### [EXERCISE MATERIALS]
+---+
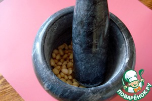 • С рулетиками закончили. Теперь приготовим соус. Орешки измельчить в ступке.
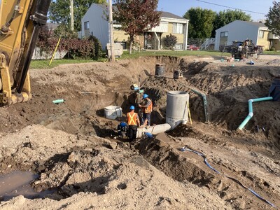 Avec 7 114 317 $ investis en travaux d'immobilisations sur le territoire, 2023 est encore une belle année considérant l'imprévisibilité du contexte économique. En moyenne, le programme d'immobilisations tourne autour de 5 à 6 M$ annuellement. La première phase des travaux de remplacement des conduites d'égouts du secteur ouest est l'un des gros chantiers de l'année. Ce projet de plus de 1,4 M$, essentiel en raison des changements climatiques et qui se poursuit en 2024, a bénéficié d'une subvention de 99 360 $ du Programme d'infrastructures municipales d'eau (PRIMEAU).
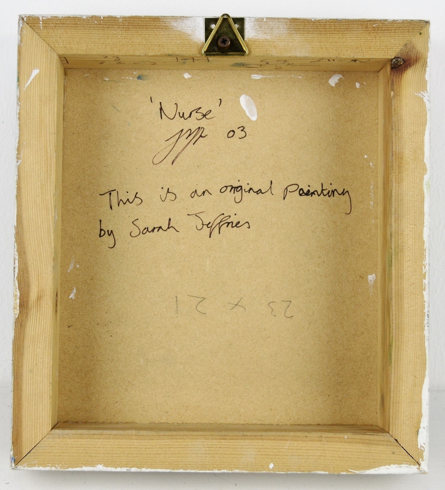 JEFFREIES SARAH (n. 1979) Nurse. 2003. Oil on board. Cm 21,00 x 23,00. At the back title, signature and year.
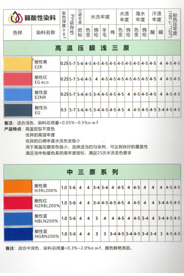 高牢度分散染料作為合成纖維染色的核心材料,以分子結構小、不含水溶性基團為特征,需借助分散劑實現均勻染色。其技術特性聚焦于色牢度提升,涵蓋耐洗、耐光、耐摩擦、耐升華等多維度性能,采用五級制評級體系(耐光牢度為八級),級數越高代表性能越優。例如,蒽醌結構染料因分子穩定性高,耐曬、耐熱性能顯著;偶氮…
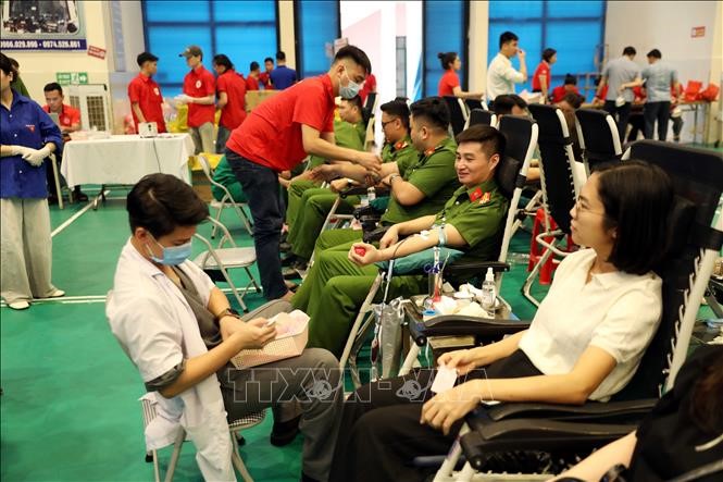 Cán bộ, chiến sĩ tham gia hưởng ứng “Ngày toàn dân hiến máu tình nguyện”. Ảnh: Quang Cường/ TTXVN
+---+
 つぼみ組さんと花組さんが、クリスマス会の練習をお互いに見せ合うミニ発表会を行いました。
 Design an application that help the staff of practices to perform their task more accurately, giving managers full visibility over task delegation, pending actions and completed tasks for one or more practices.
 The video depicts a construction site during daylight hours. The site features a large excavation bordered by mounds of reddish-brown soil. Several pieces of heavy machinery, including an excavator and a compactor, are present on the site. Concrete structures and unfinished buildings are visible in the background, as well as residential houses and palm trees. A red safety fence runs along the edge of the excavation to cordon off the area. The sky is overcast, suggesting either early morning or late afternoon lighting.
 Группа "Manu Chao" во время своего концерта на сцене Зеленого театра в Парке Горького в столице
+---+
### [AIM OF THE TASK]
Working from the records above, set down word for word everything from the line containing "高牢度分散染料作為合成纖維染" down to the line containing "Cán bộ, chiến", ends included, minus the pictures.

### [TASK OUTPUT]
 高牢度分散染料作為合成纖維染色的核心材料,以分子結構小、不含水溶性基團為特征,需借助分散劑實現均勻染色。其技術特性聚焦于色牢度提升,涵蓋耐洗、耐光、耐摩擦、耐升華等多維度性能,采用五級制評級體系(耐光牢度為八級),級數越高代表性能越優。例如,蒽醌結構染料因分子穩定性高,耐曬、耐熱性能顯著;偶氮…
 Cán bộ, chiến sĩ tham gia hưởng ứng “Ngày toàn dân hiến máu tình nguyện”. Ảnh: Quang Cường/ TTXVN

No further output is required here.